I’m passing along what I learned so that you can keep these things in mind when you pick a keynote speaker or workshop leader for your next event.

Here goes:

The goal of the best speakers isn’t to be smart, it’s to be dumb. They take complex issues and demystify them. They disassemble them into small, bite-sized nuggets that are easily digestible.

By doing so, they can keep the audience involved and engaged throughout their speeches.

The best speakers don’t use the standard techniques of audience involvement. Instead of using the all-to-common approach of saying, “Raise your hand if you like the color blue,” they say, “75% of all CEOs like what color?”

By encouraging the audience to fill in the blank, the speaker forces their brains to actively process information and provide output. It sounds like a minor thing, and it is, but it shifts people from a passive mode to an active mode.

The best speakers don’t have data, they have stories. When a speaker provides data, the audience listens with the intent of critical reasoning, which makes them judge whether they agree or disagree.

Alternatively, when a story is being told, the audience suspends its state of critical reasoning, which makes them more open to new ideas and new concepts.
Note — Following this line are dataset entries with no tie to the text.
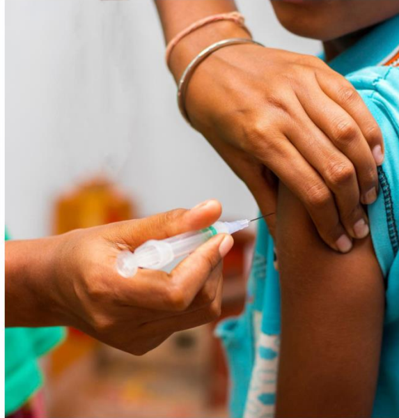
Insulin is not a cure but a treatment, allowing people with diabetes to live near-normal lives.

Climax at the University of Toronto After serving as an orthopaedic surgeon in the First World War, Frederick Banting returned to Canada as a war veteran. Driven to pursue research, he approached John Macleod, head of the physiology department at the University of Toronto, in 1920, with the idea of identifying the pancreatic secretion responsible for carbohydrate metabolism. Macleod, though hesitant, provided laboratory space and assigned Charles Best, a medical student, to assist him. Together, Banting and Best conducted experiments on dogs, leading to the successful isolation of insulin from the islets of Langerhans.
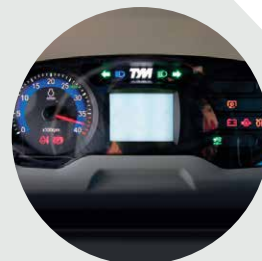
Painel de instrumentos digital
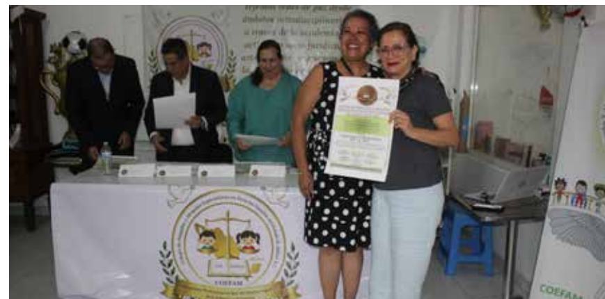
PRESIDENTA DE VÍCTIMAS DE VIOLENCIA VIAL A.C., reconocida por su activismo en la defensa de los derechos humanos y su trabajo para prevenir y erradicar las violencias viales. Su labor ha dado voz a las víctimas y a sus familias bajo la convicción de que "tu voz es la de quienes ya no están".
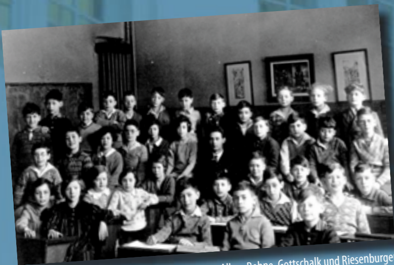
14. Gemeindeschule, Februar 1930. (heute: Löcknitzschule)
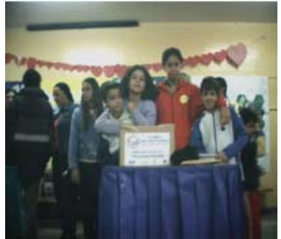
Figura 12. Educandos da escola.

Mesmo conscientes da existência de obstáculos e conflitos, inerentes ao processo que seria vivenciado por aquelas crianças e jovens, da mudança a que estariam expostos, individual ou coletivamente, os resultados foram surpreendentes. Os debates fizeram com que não apenas eles, também nós, educadores, confrontássemos nossas idéias e posturas perante eles, nossos pré-conceitos e o embate entre o discurso e a prática democrática.
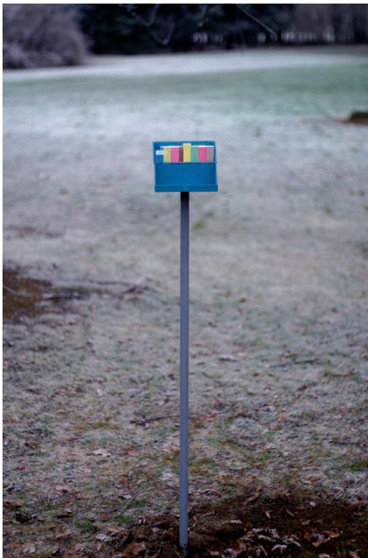
Stojan na křídý. Křídý umístěné na dětské hřiště, Praha-Ládví, sídliště Ďáblice, 2006.
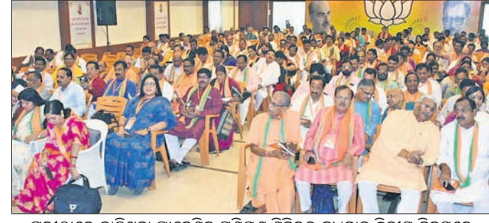
ପୁରୀଠାରେ ଚାଲିଥିବା ପ୍ରାଦେଶିକ ପ୍ରଶିକ୍ଷଣ ଶିବିରର ରୁଧିରୀ ଦିବସରେ ଯୋଗଦେଇଥିବା ଭାଜପା କର୍ମକର୍ତ୍ତା ଓ ନେତୃତ୍ୱ।

ଆଡ଼କୁ ନେବା ପାଇଁ ଭାଜପା ପ୍ରୟାସ କରିଥିଲା। ଦିଲ୍ଲୀରେ ମଧ୍ୟ ସମାନ ଚେଷ୍ଟା କରି ଭାଜପା ବିଫଳ ହୋଇଥିଲା। ସୂଚନାଯୋଗ୍ୟ, ରୁଧିରୀ ଗୋଆରେ ବଡ଼ ରାଜନୈତିକ ଓଲଟପାଲଟ ଦେଖିବାକୁ ମିଳିଥିଲା। ପୂର୍ବତନ ମୁଖ୍ୟମନ୍ତ୍ରୀ ବିରାମ କାମତ, ବିରୋଧୀ ଦଳର ନେତା ମାଇକେଲ ଲୋବୋଙ୍କ ସମେତ କଂଗ୍ରେସର ୮ ବିଧାୟକ କଂଗ୍ରେସ ଛାଡ଼ି ଭାଜପାରେ ଯୋଗଦେଇଥିଲେ।
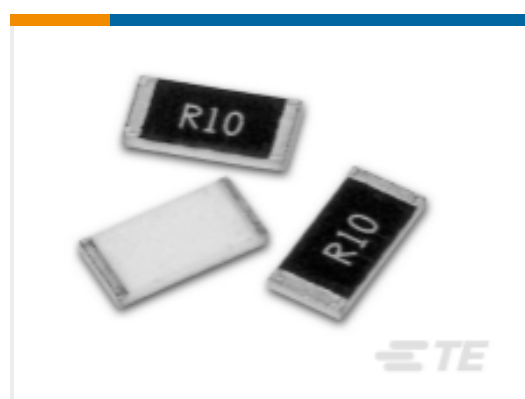
TE 产品编号2-2176058-6 厚膜电阻器：电流感应
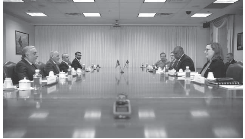
6月25日に米ホワイトハウスで開催されたアフガン撤退に関する首脳会議の様子

「シェール革命」で中東の重要性が低下 09年、オバマさんが大統領になりました。そのころ、アメリカで「シェール革命」が起こりました。
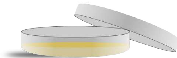
Boîte de Petri

Lorsque l'objectif de l'utilisation de la boîte de Petri est la culture de bactéries, la boîte de Petri est alors partiellement remplie d'un liquide nutritionnel (composé de minéraux) permettant le développement du micro-organisme étudié. Le milieu de culture est composé d'une base qui peut être de l'agar-agar*, sous forme gélifié, ou un bouillon de culture totalement liquide.
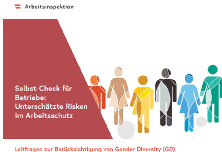
Bild 4: Grafik Deckblatt Leitfaden „Selbst-Check für Betriebe: Unterschätzte Risiken im Arbeitsschutz“
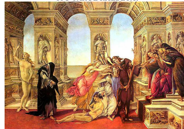
Сандро Боттичелли. Аллегория клеветы
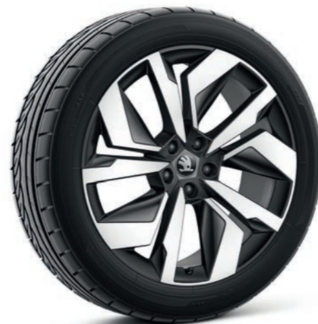
20" Vega melni vieglmetāla diski*
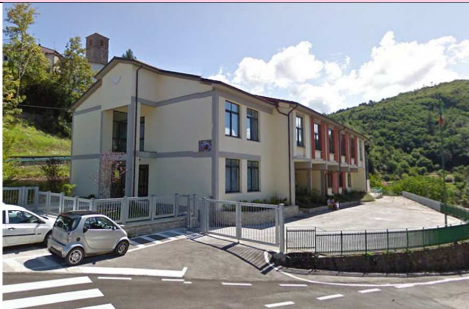
Immagine sede secondaria
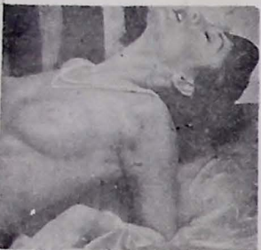
Helena Ramos em "Mulher, Mulher"
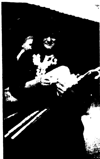
Minden unokának egy-egy mézesbábos rózsafüzért vett a nagynyó.

az egész község kivonul a hazaérkező zarándokok elé, s mennek a pappal együtt a templomba. Ugy énekelnek, mintha mindannyian a szent helyen lettek volna. Ugy
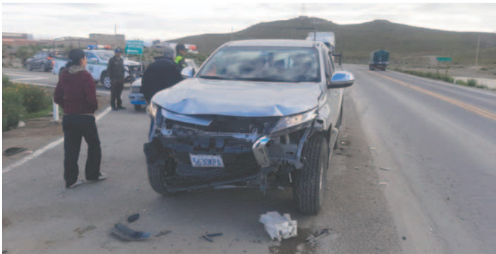
La camioneta reportó daños materiales tras el impacto

El violento impacto provocó que una mujer resultara herida, siendo trasladada a la Clínica Natividad para su revisión médica. “La misma indicó que se encontraba bien, pero para precautelar su salud ha sido evacuada a la Clínica”, expresó.

In addition, stories have multiple layers of meaning that go beyond sheer data, so stories are more rich and nuanced than other forms of information sharing.

The best speakers usually (but not always) dominate the stage. They have an intangible charisma that helps them own the stage. This is the case in about 90% of the top speakers, although 10% can have a quiet, humble presence that can still make a huge impact.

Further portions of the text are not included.